Despite this distinctive genomic characteristic, both TMB and mutant-allele tumor heterogeneity (MATH) scores remained consistent across four BrM subtypes (Fig. 3d, e). BMS4 demonstrated the highest levels of somatic copy number alterations (SCNA) count and chromosomal instability (CIN) score, suggesting the highest genomic instability. In contrast, BrMS1 showed relatively low SCNA and CIN scores, with significantly lowest tumor purity. Pathway perturbation scores showed that TGF-β and ErbB signaling pathways exhibited the most pronounced differences, with significantly lower perturbation scores in BrMS4 (Fig. 3f–i).
The CNV analysis revealed amplifications of high frequency in several key chromosomal regions, including 1q21.2, 3q26.32, 8q24.11, 12q15, 16p11.2, and 17q12 (Supplementary Fig. 4d).
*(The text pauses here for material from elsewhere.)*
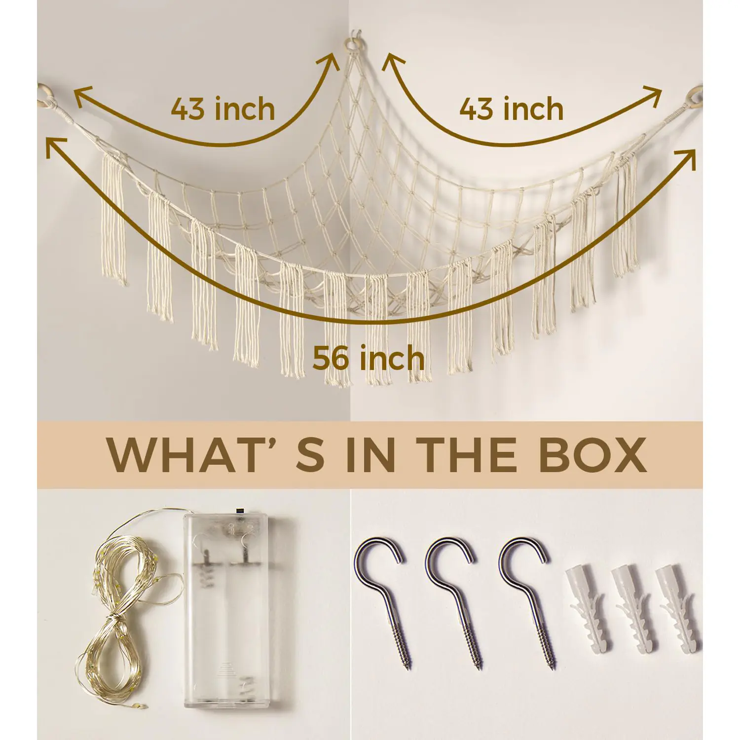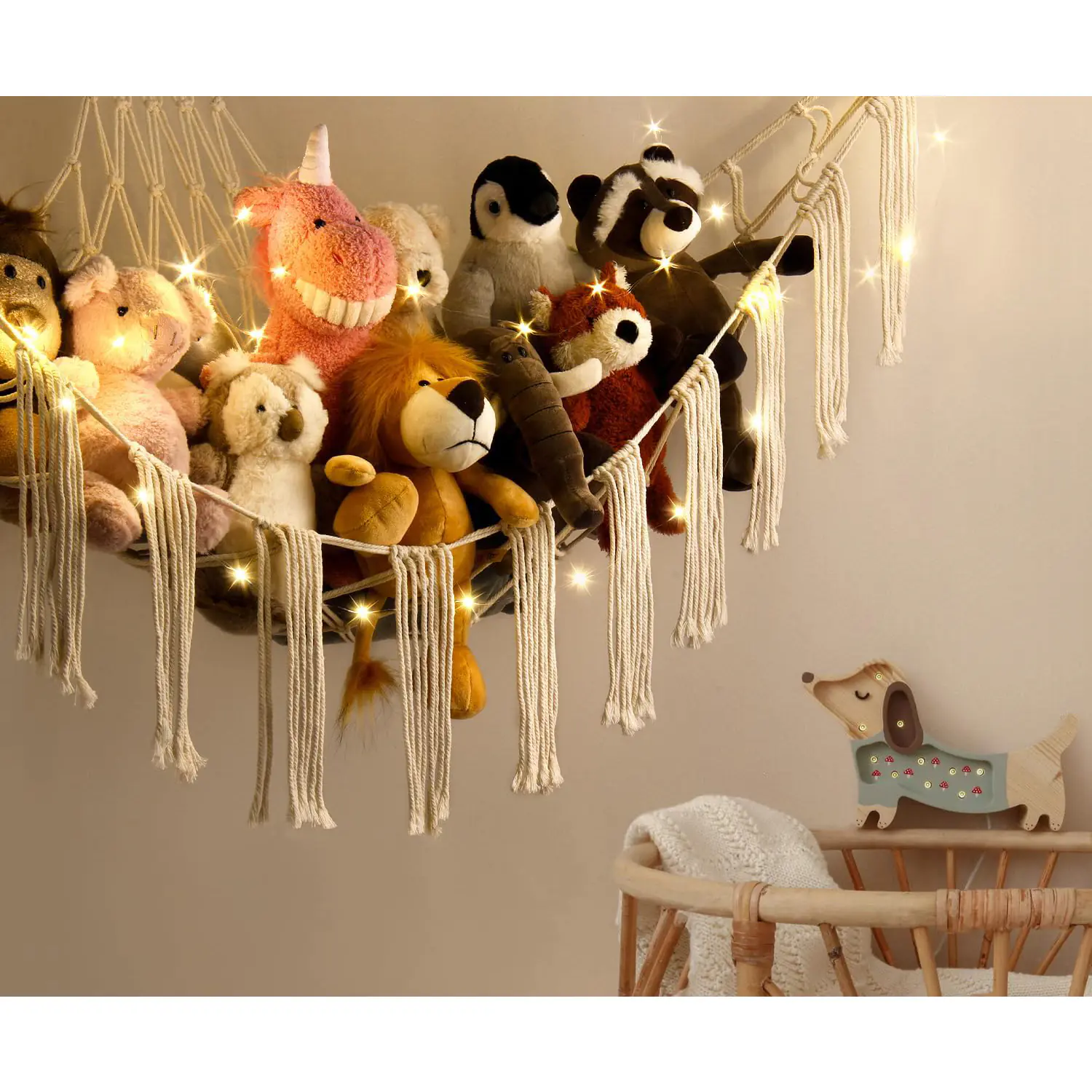 Equipped with an LED night light, this Stuffed Animal Hammock transforms storage into decor and comfort. Its handcrafted macrame design is eco-friendly, durable, and aesthetically pleasing. Includes hardware for easy wall mounting, making it practical and secure for daily use.

These amplifications, occurring in over 25% of 160 pan-cancer BrMs, encompass important oncogenes such as MYC (8q24), PIK3CA (3q26.32), ERBB2 (HER2) (17q12), and MDM2 (12q15), consistent with previous genomic studies of BrMs3,4,7 (Supplementary Data 11). Concurrently, we identified several deletion regions of high frequency, including 1p36, 3p12.3, 8p23.1, 9p21.3, 10q23.31, 17p11.2, and 18q21.31 (Supplementary Fig. 4e), potentially affecting crucial tumor suppressor genes such as CDKN2A (9p21.3) and PTEN (10q23.31) (Supplementary Data 12).
The analysis of structural variants (SV) using Manta55 identified 4494 SVs across all samples, comprising 3270 breakends (BND), 856 deletions (DEL), 308 duplications (DUP), and 60 insertions (INS). Those genes most frequently affected by SVs included MUC19 (22 events), AKR1C8P, C16orf52, FSTL4 (12 events each), OR8G2P (11 events), and OR8G1 (10 events). Notably, the SV distribution varied significantly across molecular subtypes, with BrMS1 subtype exhibiting significantly lower SV counts compared to BrMS3 subtype (P < 0.001) and BrMS4 subtype (P < 0.01) (Supplementary Fig. 4f).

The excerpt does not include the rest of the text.